Your assignment:
Retype the data below exactly; skip every image.

Stored data:
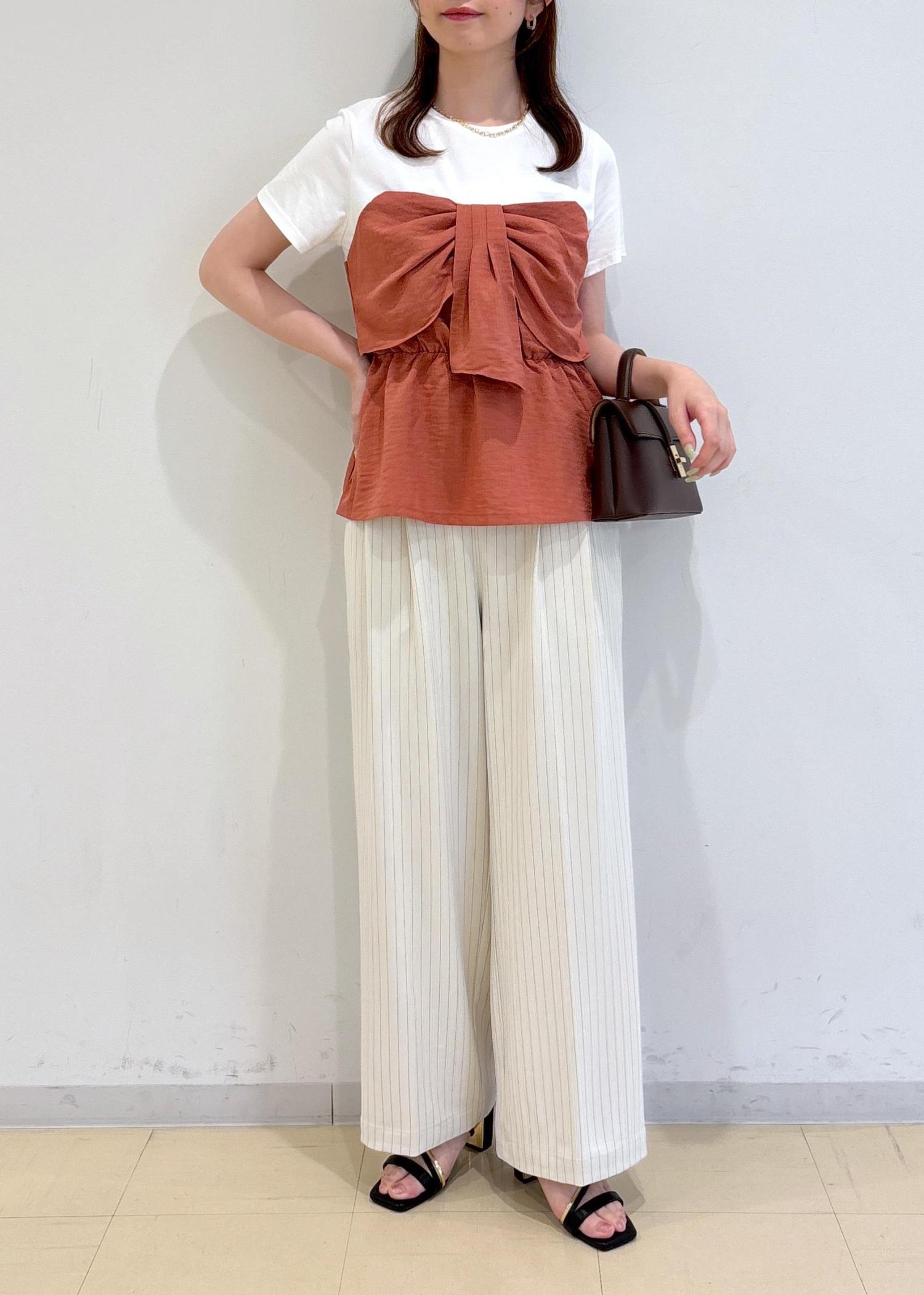 トップスのリボンデザインは大人可愛く1枚で着映えし、接触冷感付きで涼しく着用できます。
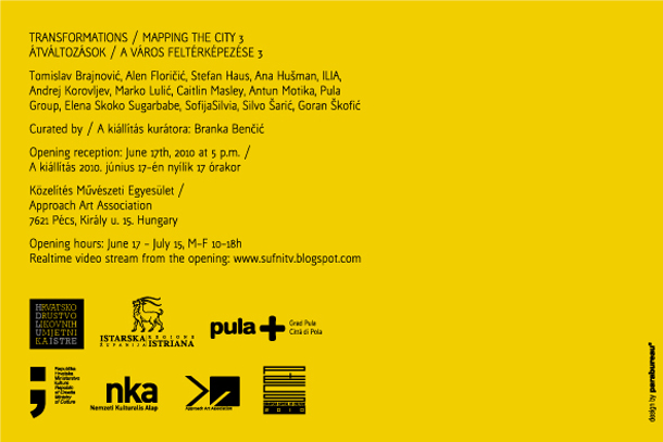 Fotografija, film, tv i drugi vizualni mediji posreduju urbani, gradski prostor i pridaju mu slojeve značenja. Filmovi i gradovi oduvijek su se ispreplitali, od avangardističkih „simfonija velegrada“ Fritza Langa do Bladerunnera ili Matrixa. Različiti mediji istražuju različite načine na koje urbani pejzaži transformiraju umjetničku produkciju, i obrnuto. Kakva je uloga medija u oblikovanju i preobražavanju urbanog krajolika i našeg kolektivnog urbanog iskustva, dok se sa svakim pomakom (estetske) paradigme mijenja i naše poimanje grada – dinamika životnih stilova, slojeva kulture… To pitanje postavlja izložba ”Transformacije/ Mapiranje grada 3”, koja je otvorena krajem prošlog tjedna u galeriji Kozelites u Pečuhu, u okviru programa Europske prijestolnice kulture.
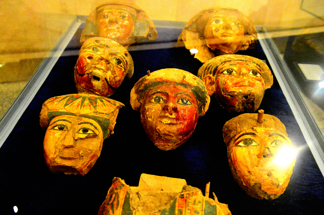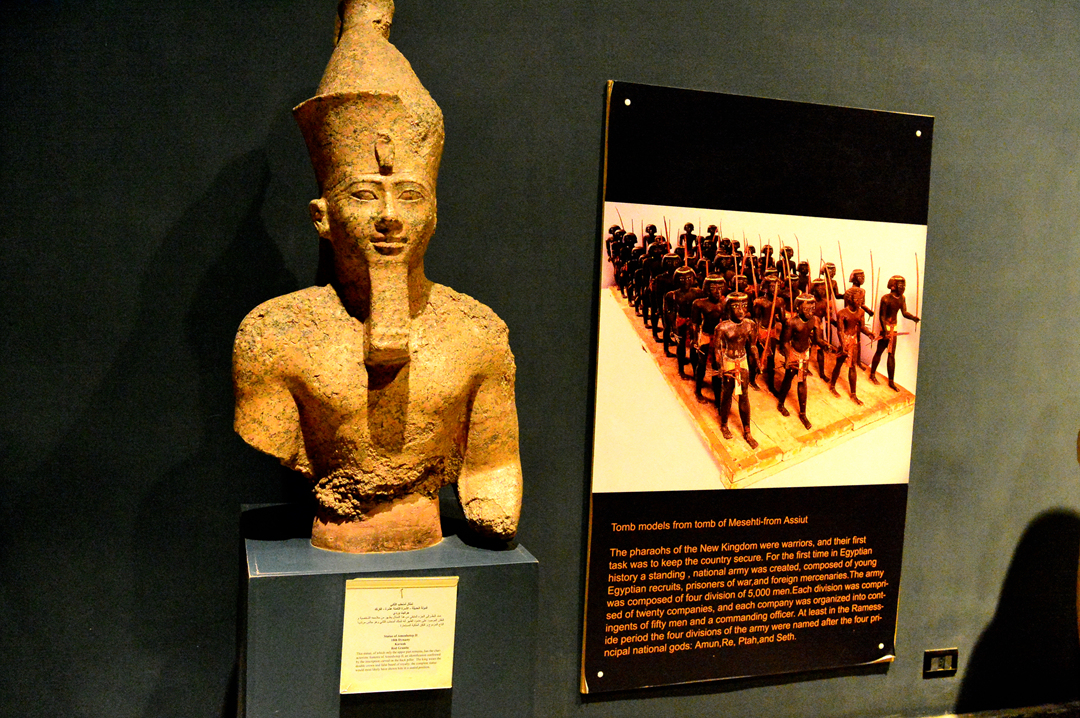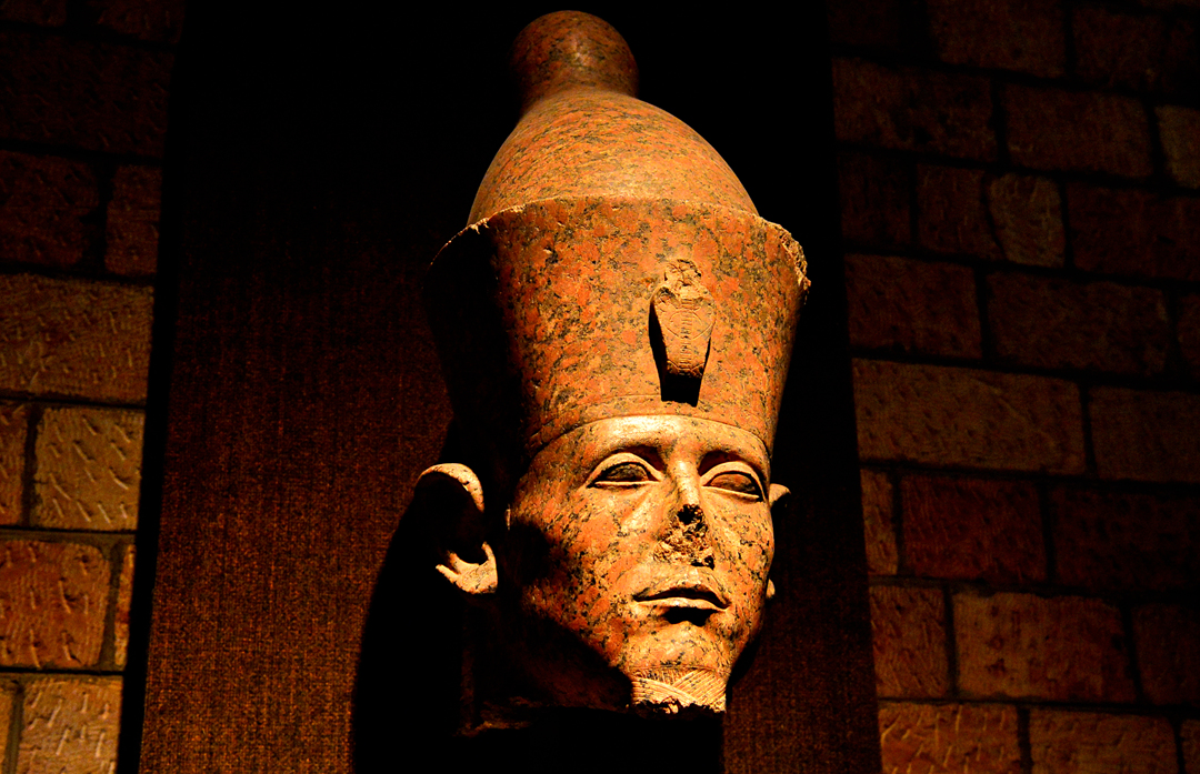 머리 상, 왕들의 골짜기의 무덤에서 발굴된 투탕카멘 입상, 카르나크 신전에서 발굴된 양의
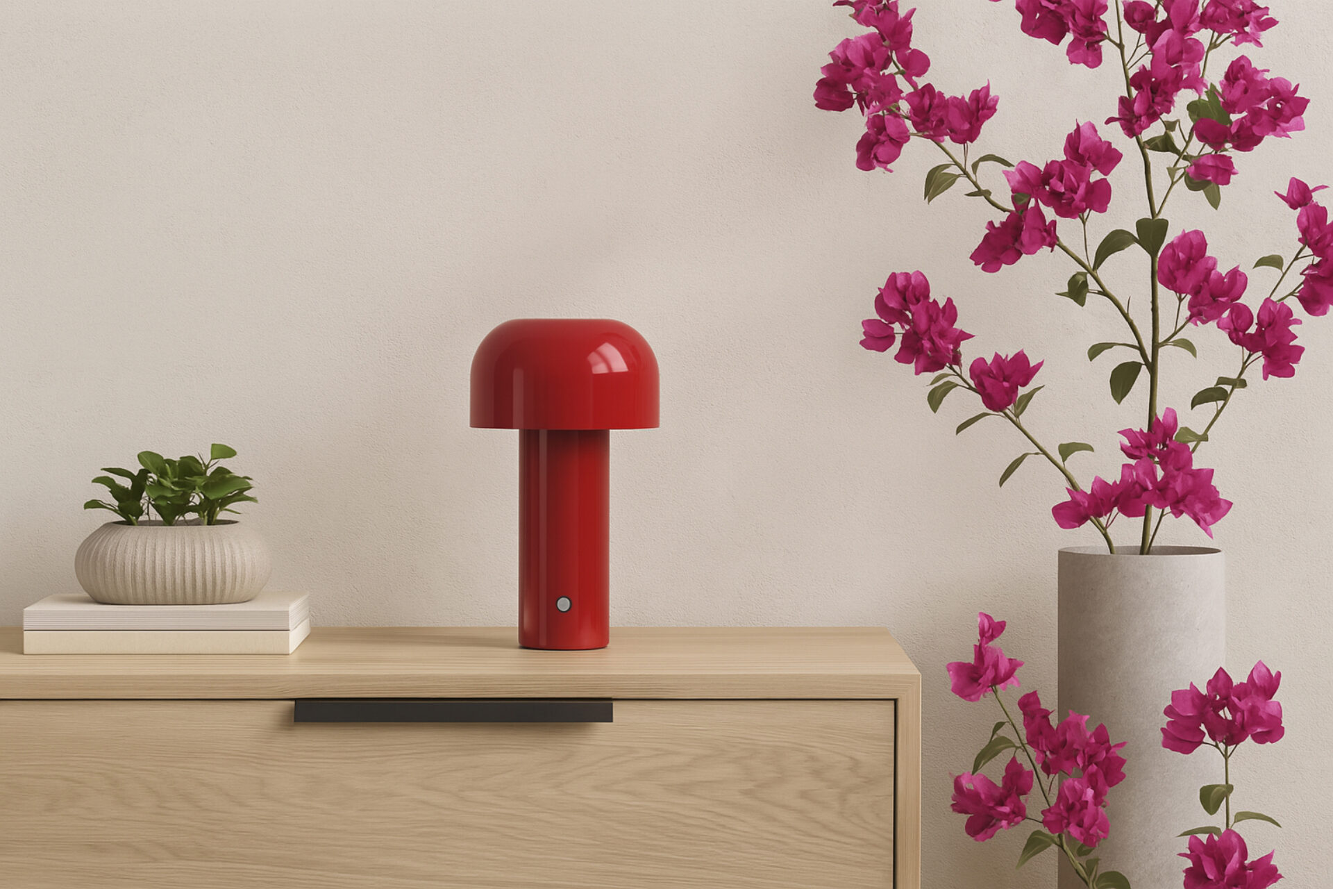 Introducing the Bellhop Table Lamp in vibrant Red, a true masterpiece of elegant lighting. This lamp boasts impeccable craftsmanship and minimalist design, offering seamless charging for hassle-free illumination. Its adaptability and portable structure, combined with a rechargeable battery, make it a striking addition to any contemporary setting. Transition effortlessly between rooms with this sophisticated piece that brings sophistication and grace to your décor.
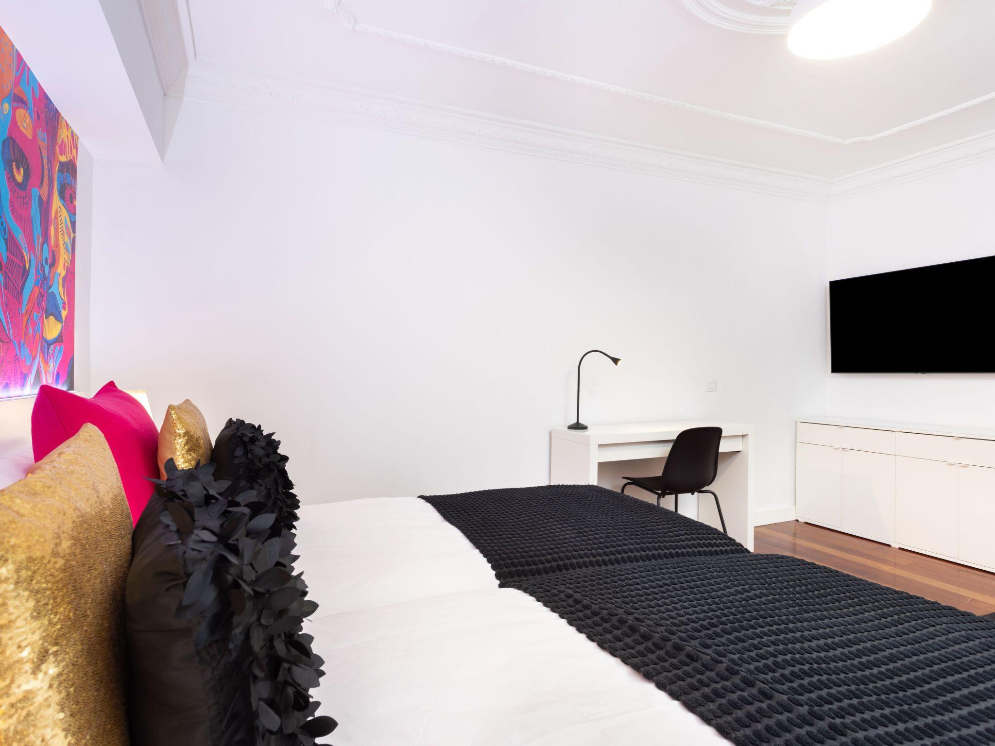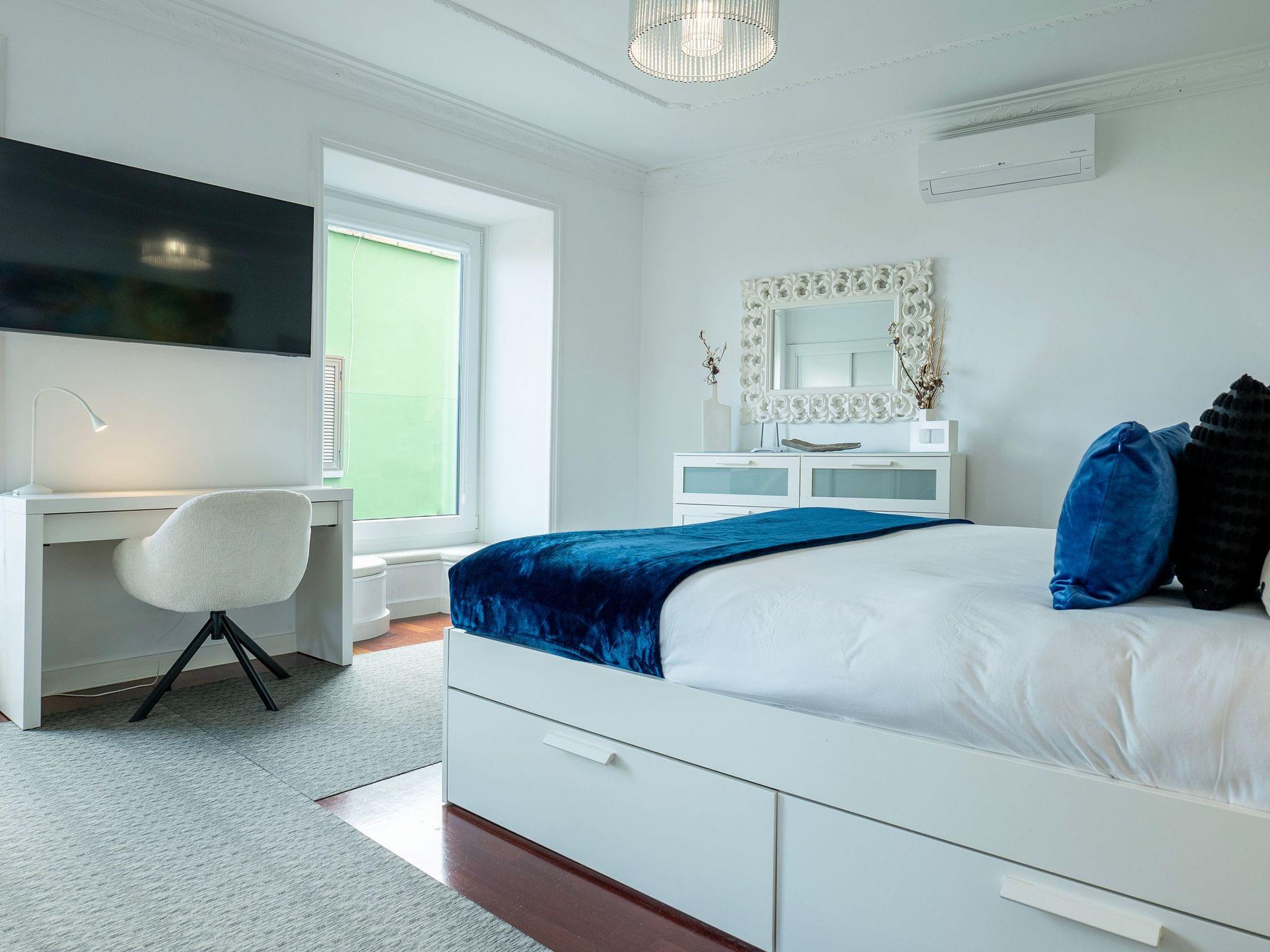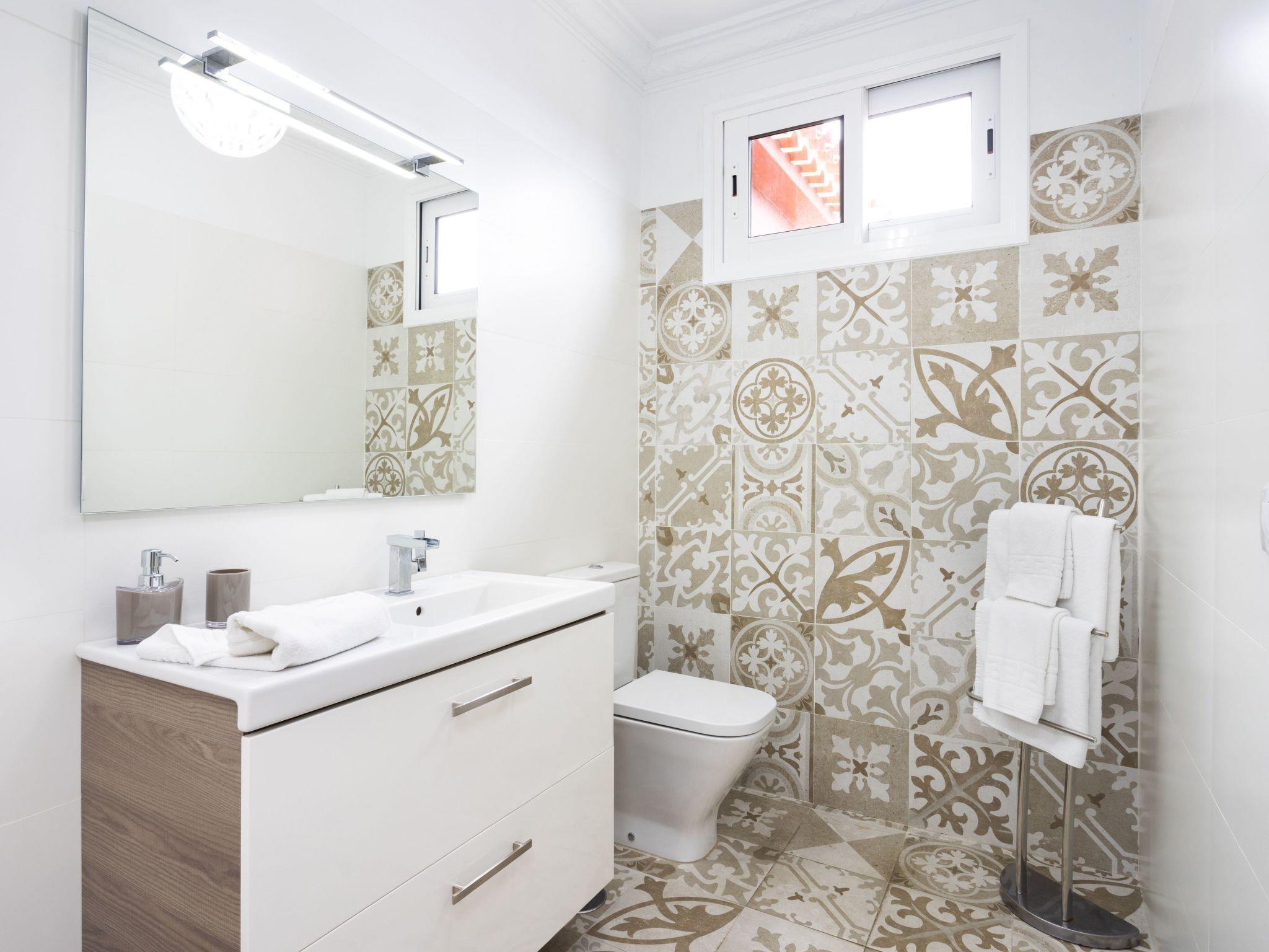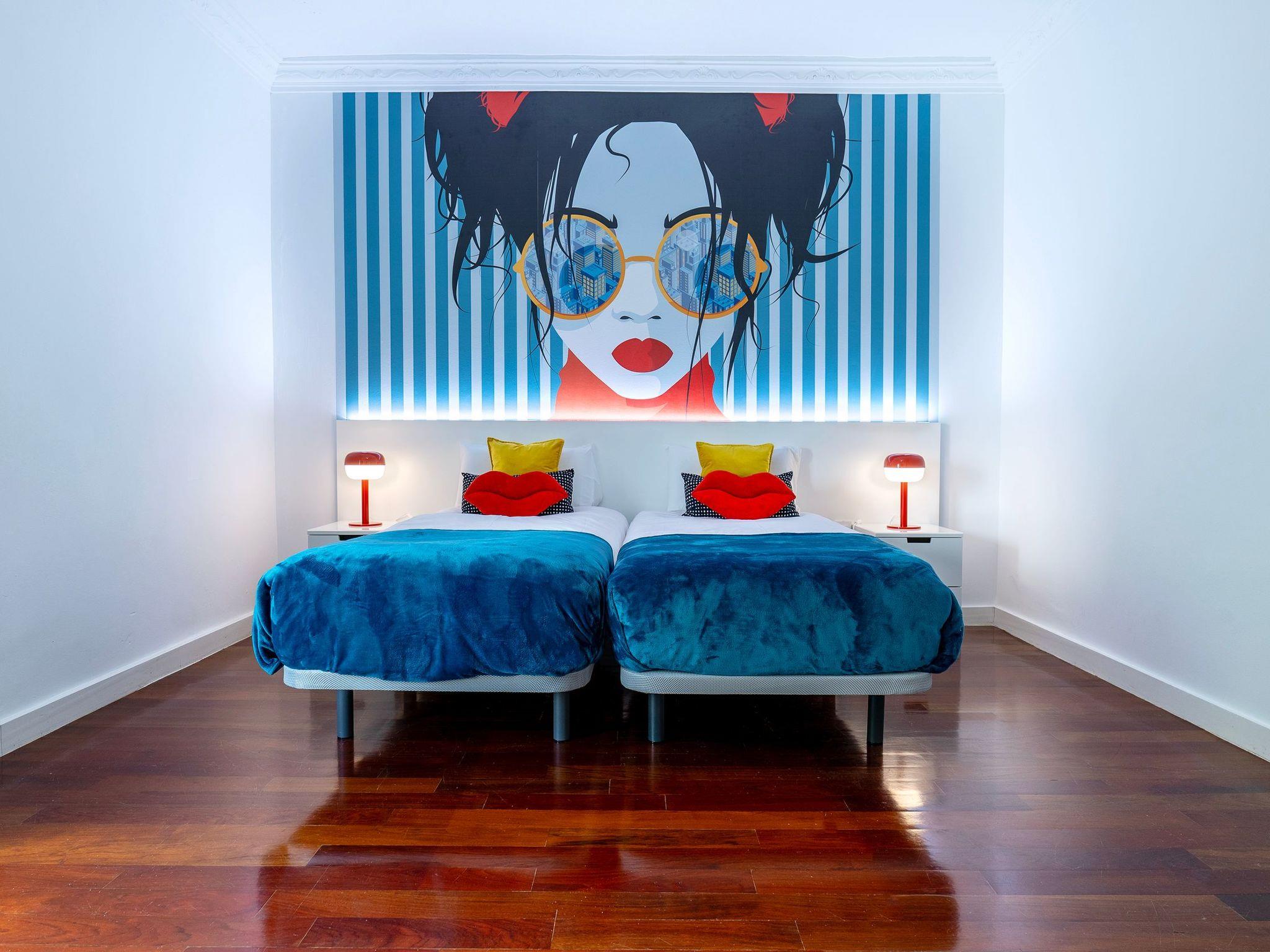 The next bedroom is a spacious family room, with a main room with double bed and en-suite bathroom with shower, and another room with 2 single beds that can be used as a children's room or by adults, as there is an intermediate door. With a total size of 44 m2, this room offers enough space for everyone and a wonderful view of the garden.

Expected answer:
 トップスのリボンデザインは大人可愛く1枚で着映えし、接触冷感付きで涼しく着用できます。
 Fotografija, film, tv i drugi vizualni mediji posreduju urbani, gradski prostor i pridaju mu slojeve značenja. Filmovi i gradovi oduvijek su se ispreplitali, od avangardističkih „simfonija velegrada“ Fritza Langa do Bladerunnera ili Matrixa. Različiti mediji istražuju različite načine na koje urbani pejzaži transformiraju umjetničku produkciju, i obrnuto. Kakva je uloga medija u oblikovanju i preobražavanju urbanog krajolika i našeg kolektivnog urbanog iskustva, dok se sa svakim pomakom (estetske) paradigme mijenja i naše poimanje grada – dinamika životnih stilova, slojeva kulture… To pitanje postavlja izložba ”Transformacije/ Mapiranje grada 3”, koja je otvorena krajem prošlog tjedna u galeriji Kozelites u Pečuhu, u okviru programa Europske prijestolnice kulture.
 머리 상, 왕들의 골짜기의 무덤에서 발굴된 투탕카멘 입상, 카르나크 신전에서 발굴된 양의
 Introducing the Bellhop Table Lamp in vibrant Red, a true masterpiece of elegant lighting. This lamp boasts impeccable craftsmanship and minimalist design, offering seamless charging for hassle-free illumination. Its adaptability and portable structure, combined with a rechargeable battery, make it a striking addition to any contemporary setting. Transition effortlessly between rooms with this sophisticated piece that brings sophistication and grace to your décor.
 The next bedroom is a spacious family room, with a main room with double bed and en-suite bathroom with shower, and another room with 2 single beds that can be used as a children's room or by adults, as there is an intermediate door. With a total size of 44 m2, this room offers enough space for everyone and a wonderful view of the garden.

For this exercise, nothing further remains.